The authority tries to draw a distinction between elderly people with dementia and elderly people who simply require nursing. It is quite impossible and entirely inappropriate to draw such a distinction.
Column 864The authority goes on to argue that the NHS should therefore work towards supporting provision in the independent sector and should seek to withdraw its own capacity to provide long-term care for such individuals. It then argues, entirely illogically, that that is especially important because there is an increasing need for elderly people to receive such long-term care, that the cost is too high for the NHS to bear and that there must therefore be faster work to transfer the duty from the NHS to the independent sector. It is my view, and the view of Sheffield community health council, that the important thing is need and not the resources of the health service in any particular areas and that, until it is absolutely clear that there is adequate provision in some other context for elderly people in need of long-term nursing care, no more beds in the health service in the Sheffield area should be withdrawn. The debate is an opportunity for the Minister to make it clear to health authorities that they have a duty to provide a service for chronically sick or disabled people in need of day and night nursing, whether it is provided in their own homes through community nursing services, by a combination of home, day or short-stay residential care, or in long-term accommodation. The Government will accept that the most appropriate residential care is delivered in community-based nursing homes with easy access to family, friends and local general practitioner services.
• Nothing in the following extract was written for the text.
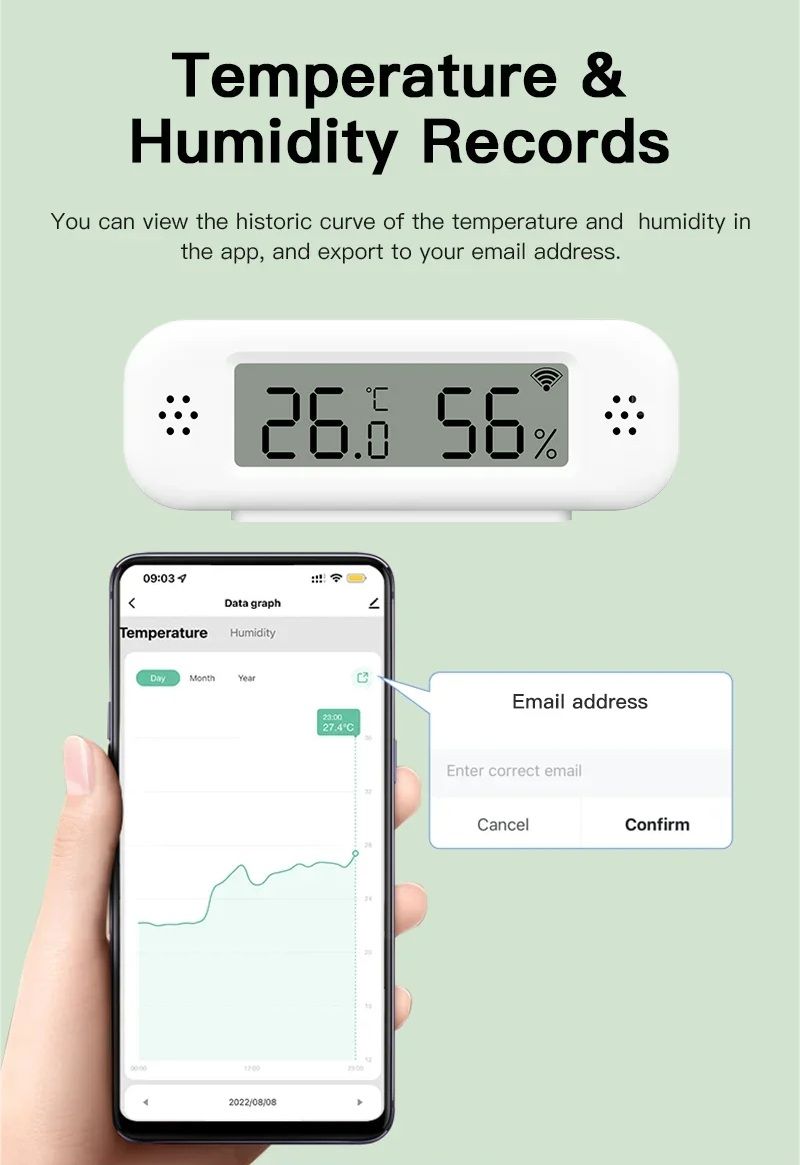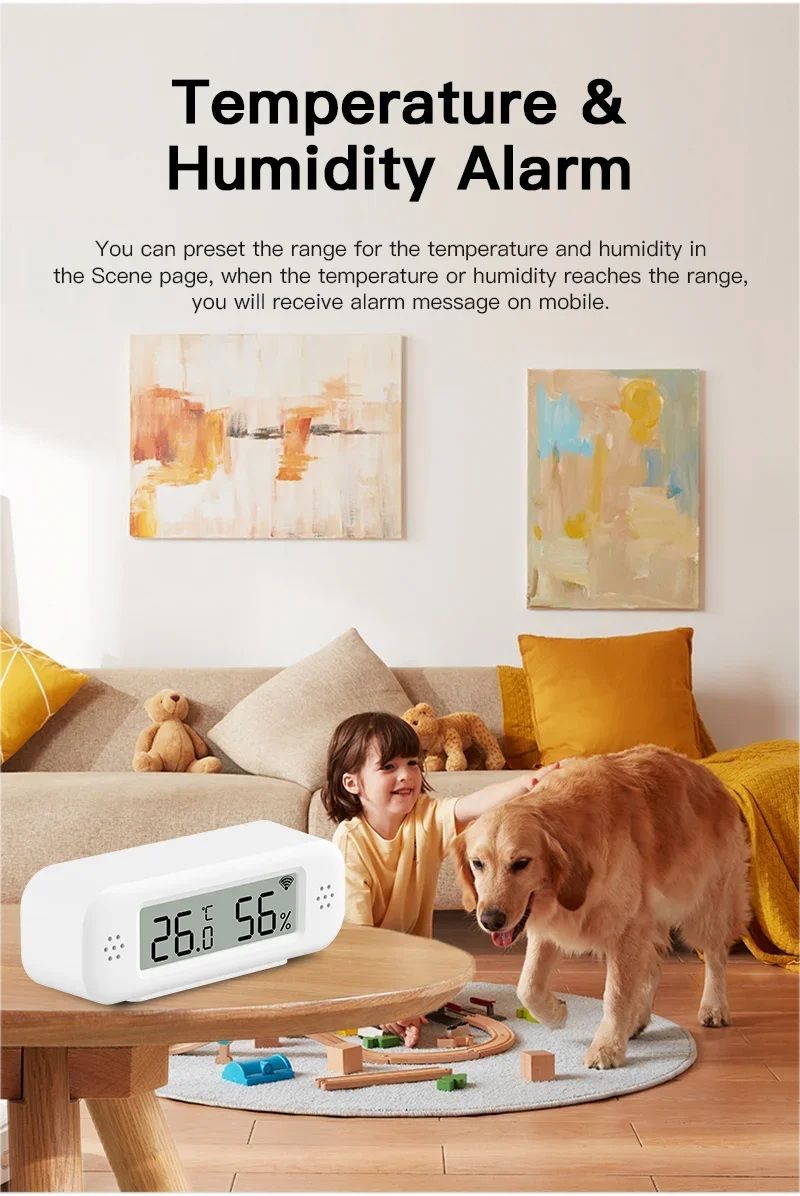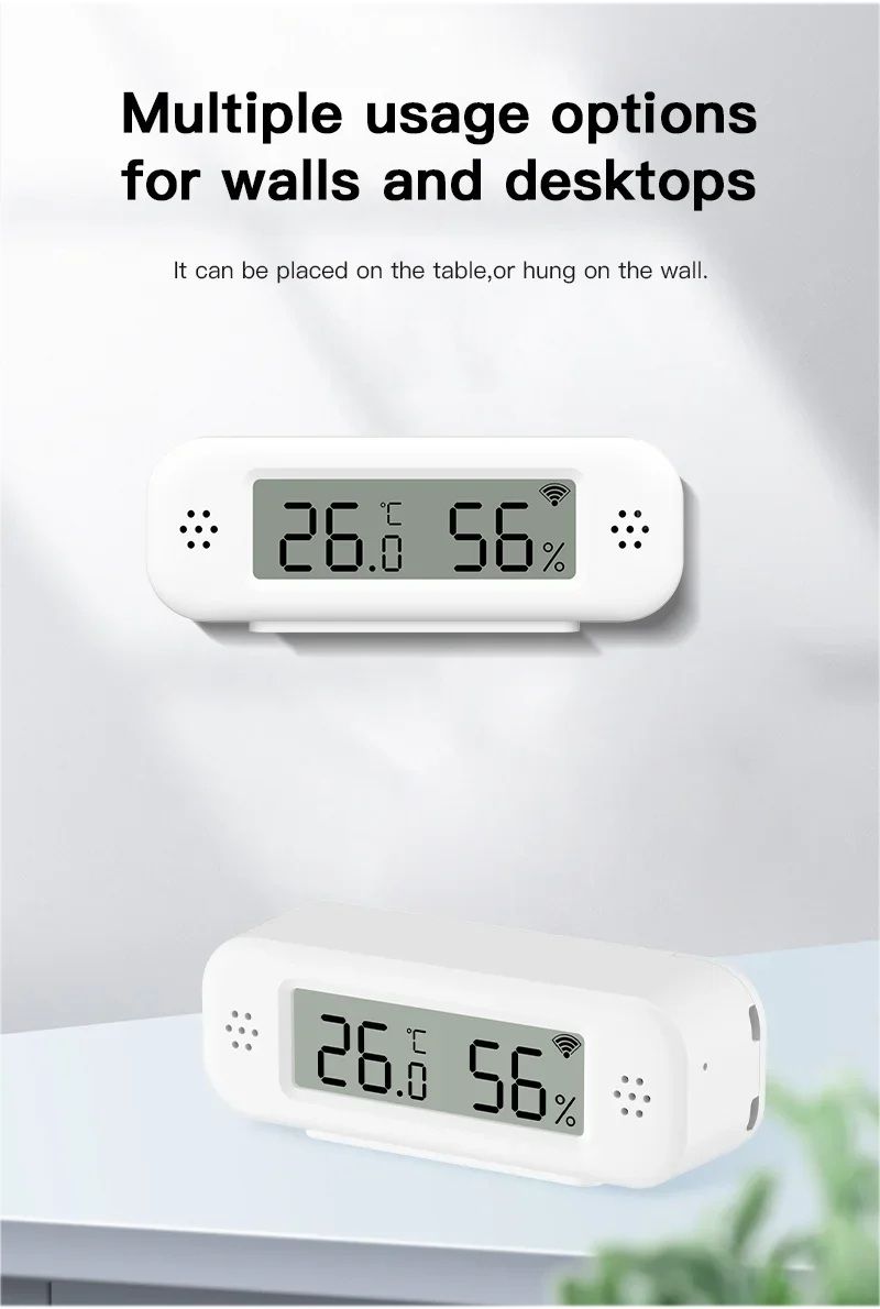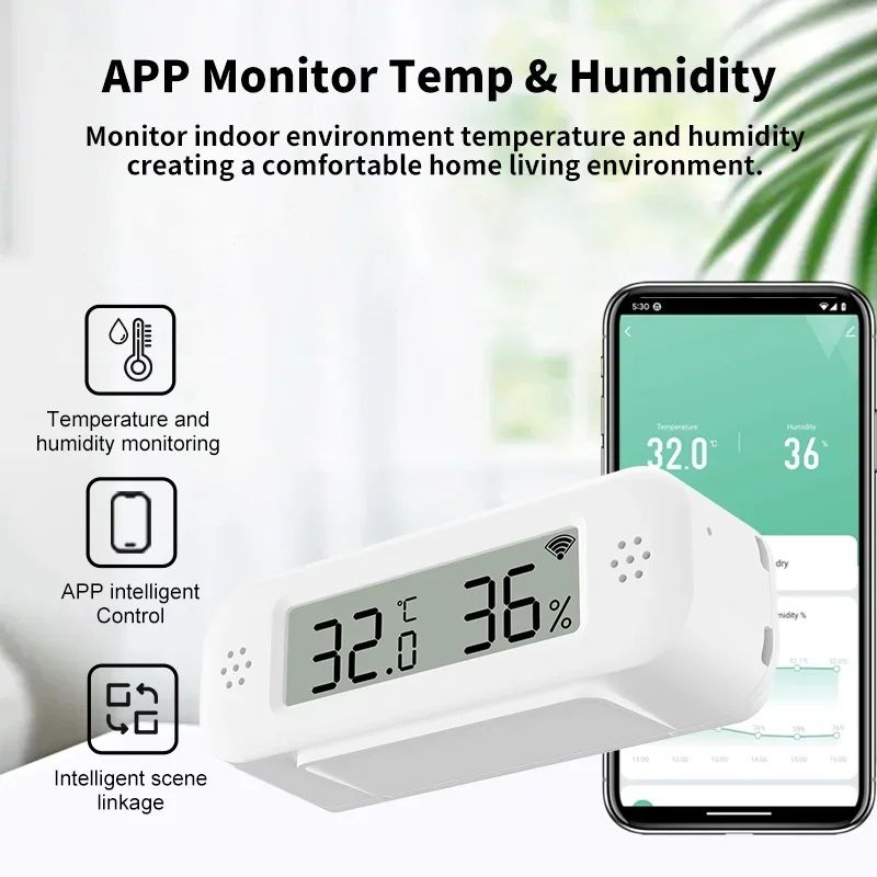Розумний Wi-Fi датчик температури і вологості TH02 Pro — це компактний і високоточний пристрій для моніторингу кліматичних умов у приміщенні. Він забезпечує точне вимірювання, відображення даних на екрані та передачу показань у реальному часі в мобільний додаток Tuya Smart або Smart Life. Завдяки інтеграції з голосовими помічниками цей датчик стає ідеальною частиною розумного будинку.
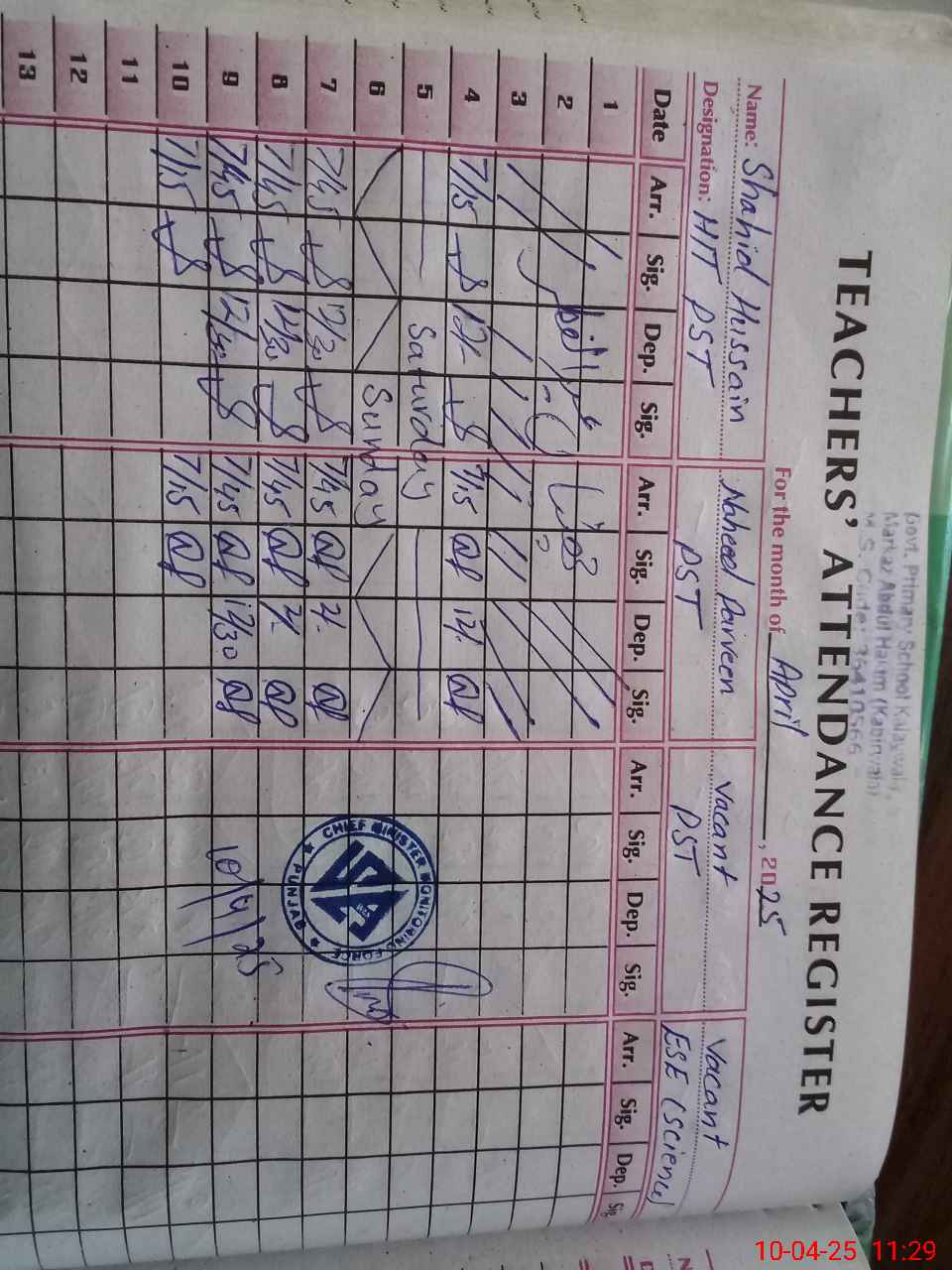| Name: Sh**** Hu**** Designation: (School Headmaster's/Headmistress's) Pst Phone/Cell Number: 03**** |

We have heard about the appalling example of the transfer to Skipton, where people were moved a long distance from where they were content and felt comfortable.
Patients in the model nursing home in my constituency kept saying, "This is our home." They meant that they were familiar with the rooms, the staff, the locality where they had lived all their lives and the costing system. It was helpful when the Minister said a few weeks ago that it was Government policy that no NHS patient should be transferred into private or independent care without his or her consent. That is an important principle, but we need to go further and recognise the significant difference between long-stay patients in the NHS and residents in nursing homes for the elderly, run by private or charitable institutions. In the first instance, payment has been duly made during a lifetime of work. In the second, payments must be requested from the social security system after full disclosure of the household's income and means. If top-up moneys are required, the family pays a second time for a service that it has already financed.
Will the Minister make it crystal clear to health authorities throughout the country that whenever a transfer is proposed, whether patients are to be physically transferred to another place or not, it amounts to a substantial change for the patient and his or her family. It must therefore be the subject of full consultation with the patient and his family, as well as the community health council in the case of an institution such as the one in Sheffield. It needs to be made clear that the financial change is so substantial that it must be subject to the full consultation procedure.
I make these points not only on behalf of my constituents and my relatives, with whom I have a personal and close relationship, but for ourselves, too. We are paying into the NHS, week in, week out, and so are our families. Where do we want to receive nursing care when we reach an age at which we may require it?